Additionally, negative searches are also allowed.
python3 warc-extractor.py \!http:content-type:pdf
The above script would return all warc entries that do not contain contain PDF's. (Note: the '\' character is required because '!' is a reserved character in bash.)
Once you have verified that the script is only grabbing those warc entries that are required. The contents of the found warc entries can be dumped in two different ways.
python3 warc-extractor.py some:filter -dump warc
The above script would create a new warc file containing only the filtered elements.
python3 warc-extractor.py some:filter -dump content
The above script would attempt to extract the contents of the filtered entries. (Note: the -dump flag implicitly adds "warc-type:response" and "content-type:application/http" to the filters. As warc entries that do not match these filters do not contain file-like objects.)
-h
-string
-path
-output_path
-output
-dump
-silence
-error
To create a warc file containing all HTTP responses that are not file-like objects.
python3 warc-extractor.py -dump warc warc-type:response \!content-type:application/http
To dump all PDF's from a warc file to disk.
python3 warc-extractor.py -dump content http:content-type:pdf
To dump everything a warc file contains to disk.
python3 warc-extractor.py -dump content http:error:200
Warc files are complicated and huge. Creating a single script that can properly handle all of the many strange and wonderful objects that might be hidden in a warc file is a large undertaking. Because of this bugs are inevitable.
The script contains an -error command script designed to make dealing with problematic warc entries a bit easier. If the -error tag is supplied to the script, the script will do it's best to skip all entries that cause errors then write all problematic entries to a new warc file 'error.warc'. Should this script error, please try running it again with the -error tag and then upload the resulting 'error.warc' file along with the bug report.

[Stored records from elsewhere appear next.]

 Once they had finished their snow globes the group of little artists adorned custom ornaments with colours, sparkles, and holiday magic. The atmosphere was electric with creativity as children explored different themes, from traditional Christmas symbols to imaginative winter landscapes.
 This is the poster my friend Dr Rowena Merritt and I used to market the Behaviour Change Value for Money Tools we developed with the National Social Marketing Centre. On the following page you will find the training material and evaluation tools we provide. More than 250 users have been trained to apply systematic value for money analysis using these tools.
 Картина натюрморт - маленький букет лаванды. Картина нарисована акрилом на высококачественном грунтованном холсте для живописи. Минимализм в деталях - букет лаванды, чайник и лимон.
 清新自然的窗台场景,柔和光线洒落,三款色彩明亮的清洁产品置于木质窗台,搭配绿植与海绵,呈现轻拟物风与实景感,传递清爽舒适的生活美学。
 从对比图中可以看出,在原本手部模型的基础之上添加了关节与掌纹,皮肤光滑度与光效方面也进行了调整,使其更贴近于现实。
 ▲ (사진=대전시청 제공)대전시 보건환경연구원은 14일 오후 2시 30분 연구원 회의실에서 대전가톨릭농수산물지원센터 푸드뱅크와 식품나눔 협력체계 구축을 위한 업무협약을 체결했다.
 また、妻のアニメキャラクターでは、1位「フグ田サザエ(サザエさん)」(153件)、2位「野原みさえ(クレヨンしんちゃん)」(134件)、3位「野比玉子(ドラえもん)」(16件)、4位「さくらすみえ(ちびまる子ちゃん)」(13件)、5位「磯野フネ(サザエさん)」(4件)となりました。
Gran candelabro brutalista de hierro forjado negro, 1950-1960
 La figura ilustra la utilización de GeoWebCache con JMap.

There are many possible problems a warc file could contain that are not limited to specific entries. In these situations the -error tag will not prevent the error and will not create the error.warc file. In these cases please still fill out a bug report. However, the problem is unlikely to be fixed unless I can get access to the warc file that created the problem.
One final note, this script was programmed and tested on a Linux platform. In theory it should work on any platform that Python 3 works on; however, I make no guarantees. Help on this issue would be greatly appreciated.